Responding to Airwars’ publication of its Yemen dataset and accompanying report in October 2020, CENTCOM dismissed all but two civilian harm claims under President Trump, asserting that “USCENTCOM conducted a thorough review of the information AirWars provided regarding allegations of potential civilian harm caused by USCENTCOM strikes in Yemen from 2017-2020… The bulk of the information asserted by AirWars, however, did not correspond with dates and locations of U.S. military strikes or raids in Yemen.
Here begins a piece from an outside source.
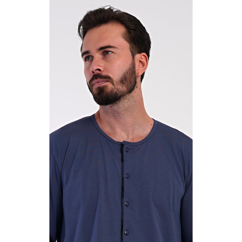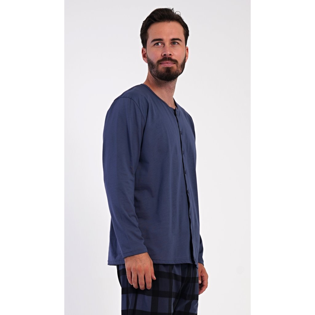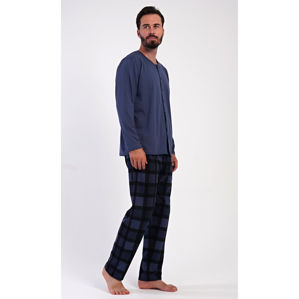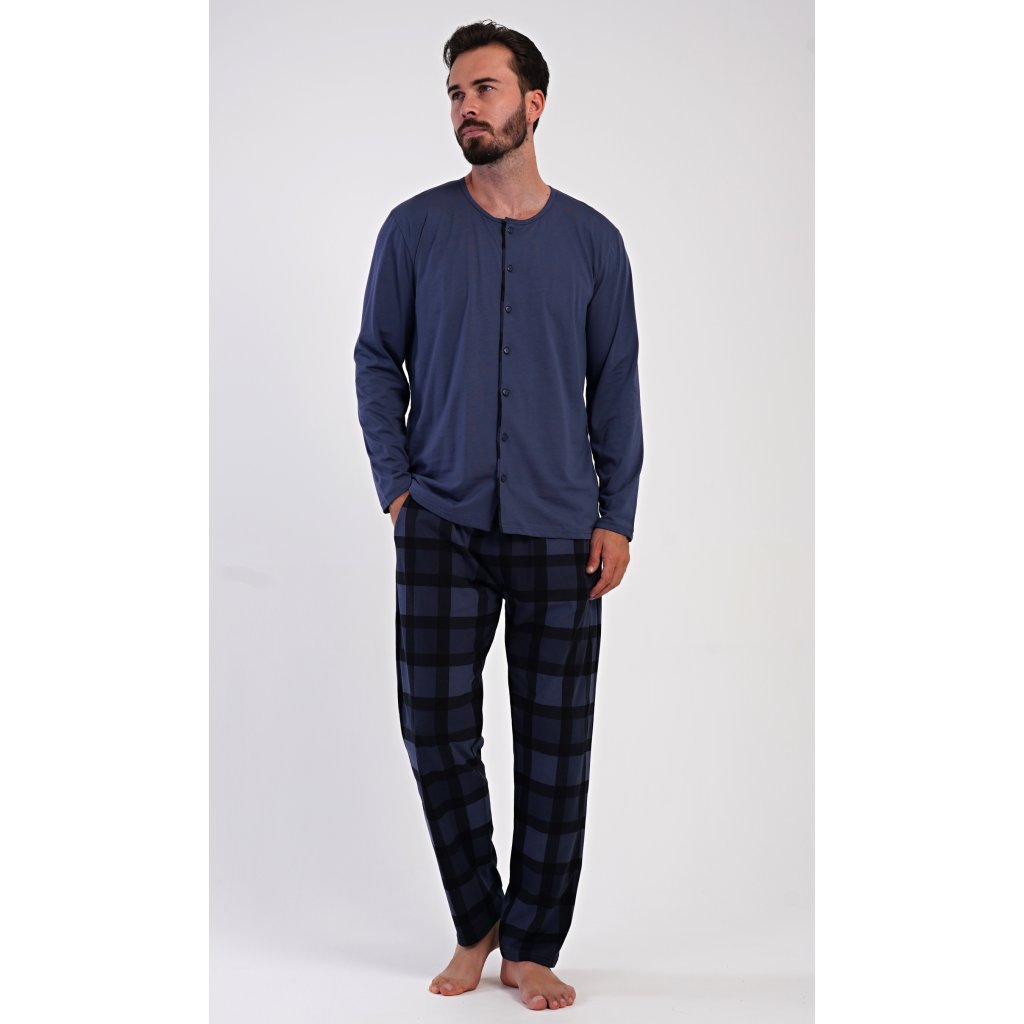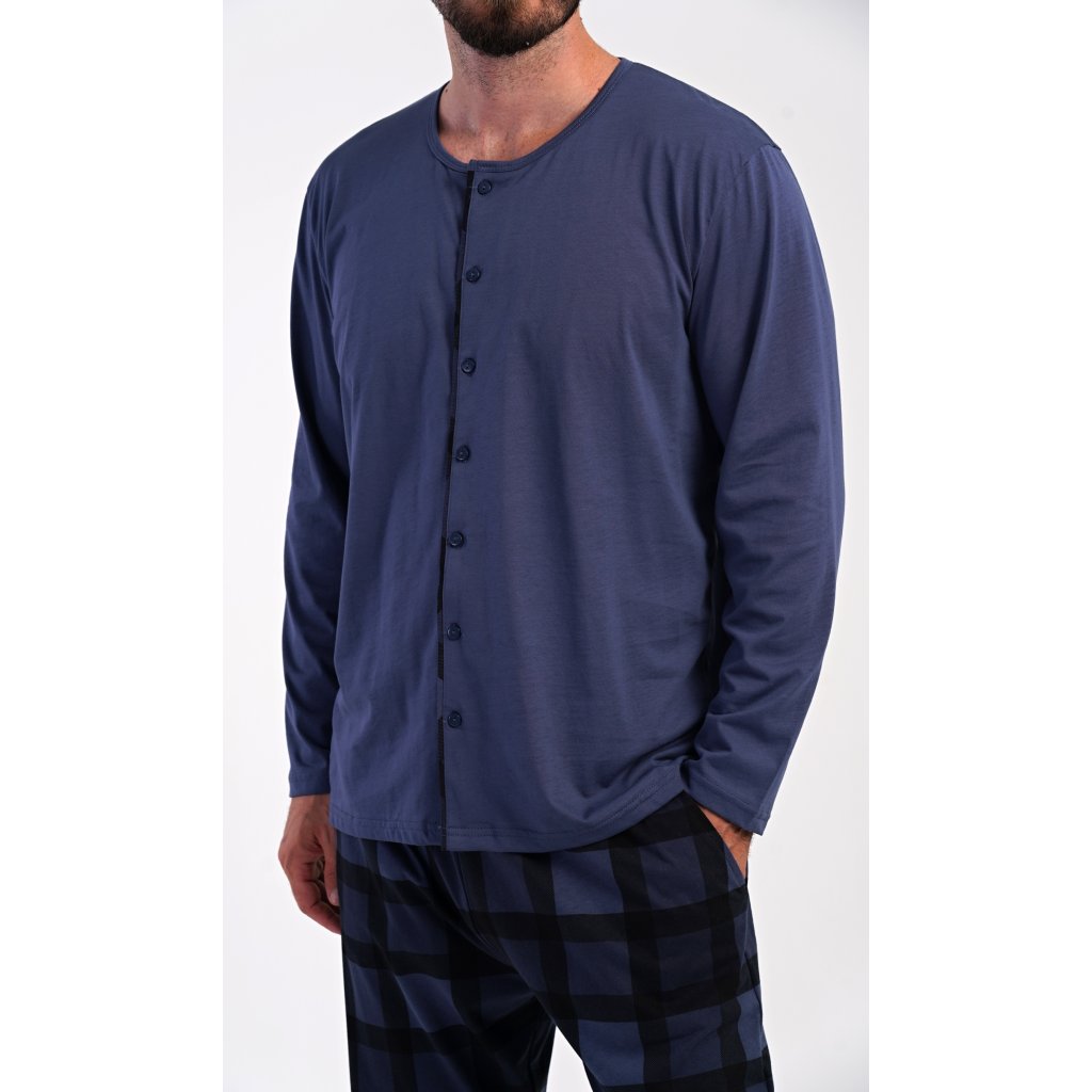 Pánské dlouhé bavlněné pyžamo Rudolf. Pánské pyžamo se skládá z trika s dlouhým rukávem a dlouhých kalhot. Triko s kulatým výstřihem má zapínání na knoflíky. Kárované kalhoty mají v pase gumu, šňůrku na stažení a praktické kapsy. Použitý materiál s obsahem bavlny 100% je poddajný a příjemný na dotek.

Other AirWars allegations either did not allege civilian harm or were not assessed as credible upon our review.”
In March 2021, in its report death Falling From The Sky, the Yemeni human rights group Mwatana insisted those killed were civilian beekeepers, who looked after approximately 80 hives near the village of Mroun. The men were buried in Hosn Saiid Cemetery, about 7km from their homes. Mwatana insisted that it could find “no credible indication that either El Khodor or Ali were directly participating in hostilities with AQAP or IS-Y, or that they were associated with these groups.”
The area sheikh told the human rights group: ““I have been sheikh to this village for 17 years and I knew those boys who died in the incident. They were two of the finest youth of our village.”
The incident occured between 3:30 pm and 4:00 pm local time.
Sources (37) [ collapse]
Reports of the incident mention the Al Maroun (المرون) area, allegedly in vicinity of Al Khabr (الخبر), south of the Al Maraqisha mountains (جبل المراقشه). Due to limited satellite imagery and information available to Airwars, we were unable to verify the location further. The generic coordinates for Al Khabr are: 13.434036, 46.166267.
United States Armed Forces Assessment:
Civilian casualty statements
Nov 5, 2020
Via email: U.S. Central Command (USCENTCOM) continues to focus on ways to minimize civilian casualties during its military operations. We assess or review all reports of civilian casualties because such assessments or reviews help us identify ways to improve our operations and counter misinformation and propaganda. We routinely share the results of every one of our assessments in Department of Defense (DoD) reports to Congress, including annual reports, many of which are publicly available. We also share the results of our assessments or reviews with the public via the USCENTCOM website and our statements to the media. Individuals wishing to understand U.S. military operations in Yemen more fully should consult these official sources of information. USCENTCOM conducted a thorough review of the information AirWars provided regarding allegations of potential civilian harm caused by USCENTCOM strikes in Yemen from 2017-2020. Of the information AirWars provided, one strike on September 14, 2017, was assessed to have caused injuries to two civilians. Also, as previously released by USCENTCOM to the public in February 2017, USCENTCOM acknowledged there may have been civilian casualties during a raid on January 29, 2017. The bulk of the information asserted by AirWars, however, did not correspond with dates and locations of U.S. military strikes or raids in Yemen. Other AirWars allegations either did not allege civilian harm or were not assessed as credible upon our review. Consistent with our mission, our authorities, and our obligations under the law of war, USCENTCOM will continue to conduct military actions in Yemen when required to protect the Nation and our allies and partners from al Qa’ida and ISIS terror cells that are committed to inflicting terror. In every strike and raid, we take careful measures to minimize civilian harm and take responsibility for our actions. When our military operations result in reports of civilian harm, we will continue to assess the credibility of such reports to help us identify ways to improve our operations and respond as appropriate.